Every one combined to boost the town and advise me to see this and that. The port machinery and lading operations were the wonder of Erie Shore, and provided work for a great number of Hungarians, Italians, and Slavs. Not so many years back there was no such machinery here, and the work was done with buckets and derricks.

"JOHNNY KISHMAN, A GERMAN BOY, GOT OFF HIS BICYCLE TO FIND OUT WHAT MANNER OF MAN I WAS."

I forebore to have supper at the creditless inn, but as I walked out of the dark town I spied a fire burning on a bit of waste land, and there I boiled my kettle and made coffee. It was an eerie proceeding, and as I sat in the dusk I saw several children come peering at me, hshing the younger ones, and inferring horrible suspicions as to my identity. When I had finished my supper I went down to the beach, and there, on the sand amidst old logs, under a stooping willow tree, I made my bed.

It was a wonderful, placid night after a long, hot day. The smoke-coloured lake was weakly plashing. There was no sign of the past sunset in the west, and smoke seemed to be rising from the darkness of the horizon. The one light on the city pier had its stab of reflection in the water below. Near me, still trees leant over the water. The branches and leaves of the willow under which I slept were delicately figured against the sky as I looked upward, and far away over the lake the faint stars glimmered. The moon stood high in the south, and illumined the surface of the waters and the long coast line of the bay.

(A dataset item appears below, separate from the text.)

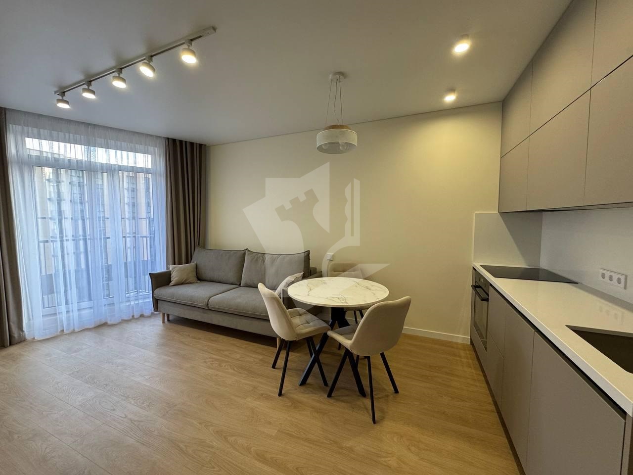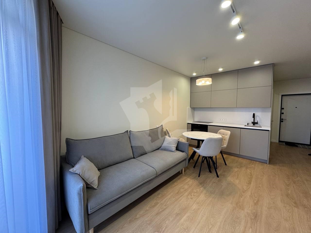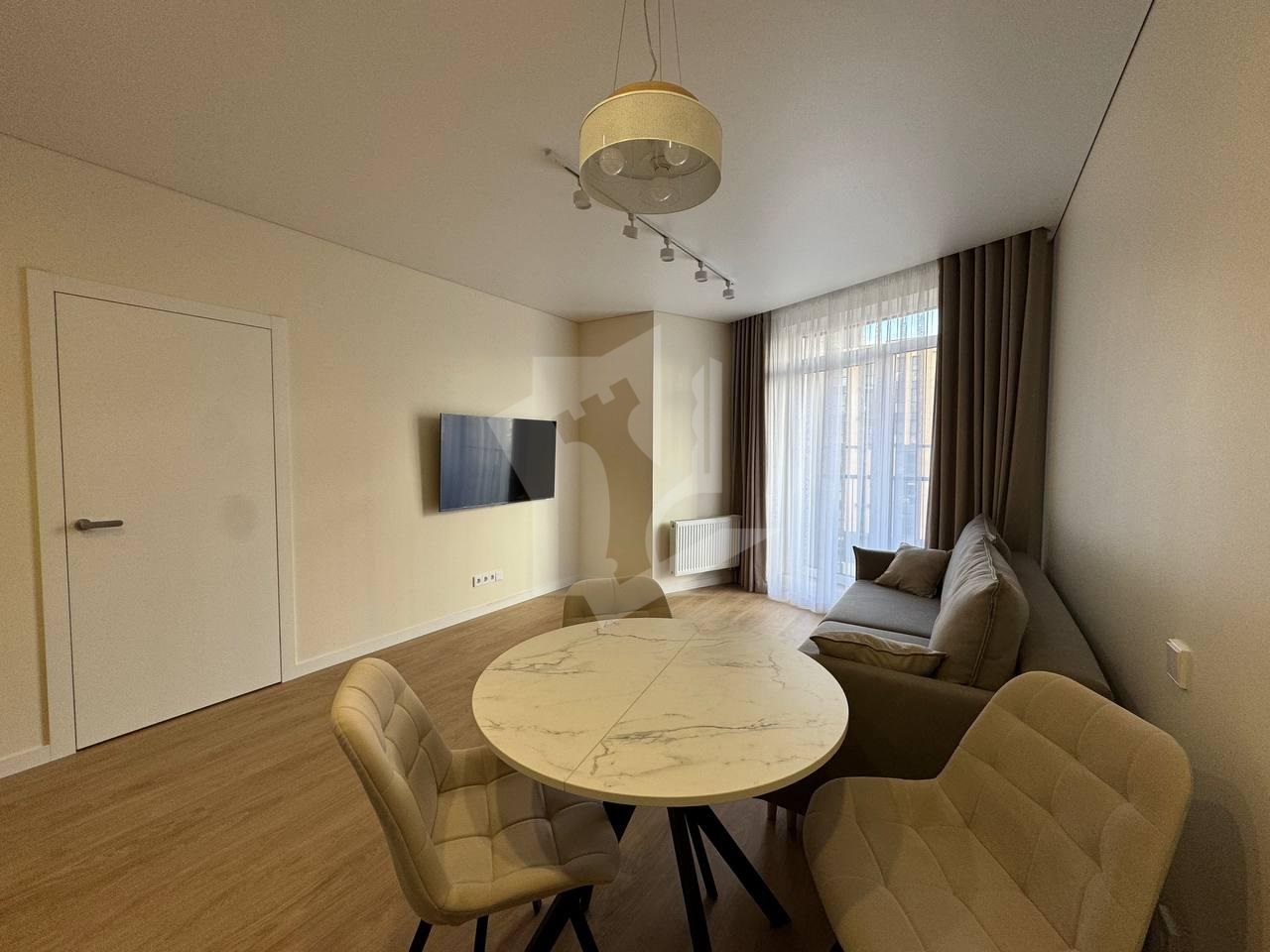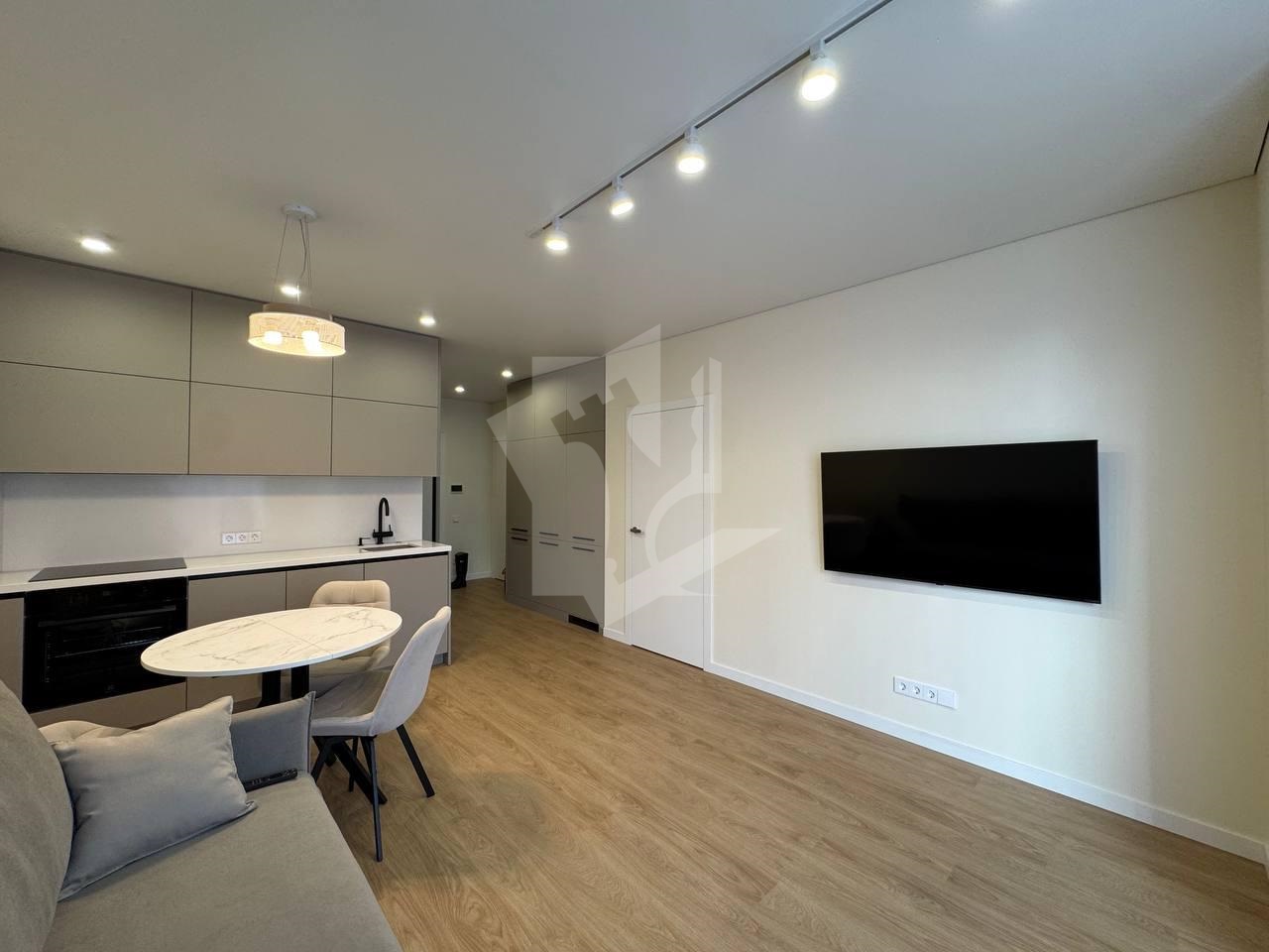 Гостиная с кухонным оборудованием укомплектована современным телевизором с ИИ , раскладным диваном и раздвижным столом с 3 стульями .

When I awoke next morning what a sight! The blue-grey lake so placid, just breathing, that's all, and crimson ripples stealing over it from the illuminated smoky east. It was clear that the smokiness of the horizon came from real smoke—from all the chimneys and stacks of Huron. I saw massed volumes of it hurrying away from the docks and the works, and standing out on the lake like a great wall. As I lay on my spread on the sand, looking out idly with my cheek on my hand, I saw the sun come sailing through the smoke like a red balloon. No celestial sunrise this, but Nature beautifully thwarted.

I made a fire and cooked my breakfast, and sat on a log enjoying it; and all the while the sun strove to be himself and shine in splendour over the new world, whose beauties he himself had called into being. For a whole hour, though there was not a cloud in the sky or a mist on the lake, he made no more progress than on a foggy January morning in London. He gave no warmth to speak of; he was an immaterial, luminous moon.

But at last he got free, and began to rise indeed, exchanging the ragged crimson reflection in the water for a broad-bladed flashing silver dagger. A great glory grew about him; all the wavelets of the far lake knew him and looked up to him with their tiny faces. His messengers searched the horizon for the shadows of night, for all lingering wraiths and mists, and banished them. The smoky door by which the sun had come out of the east was shut after him. But he shed so much light that you could not see the door any longer.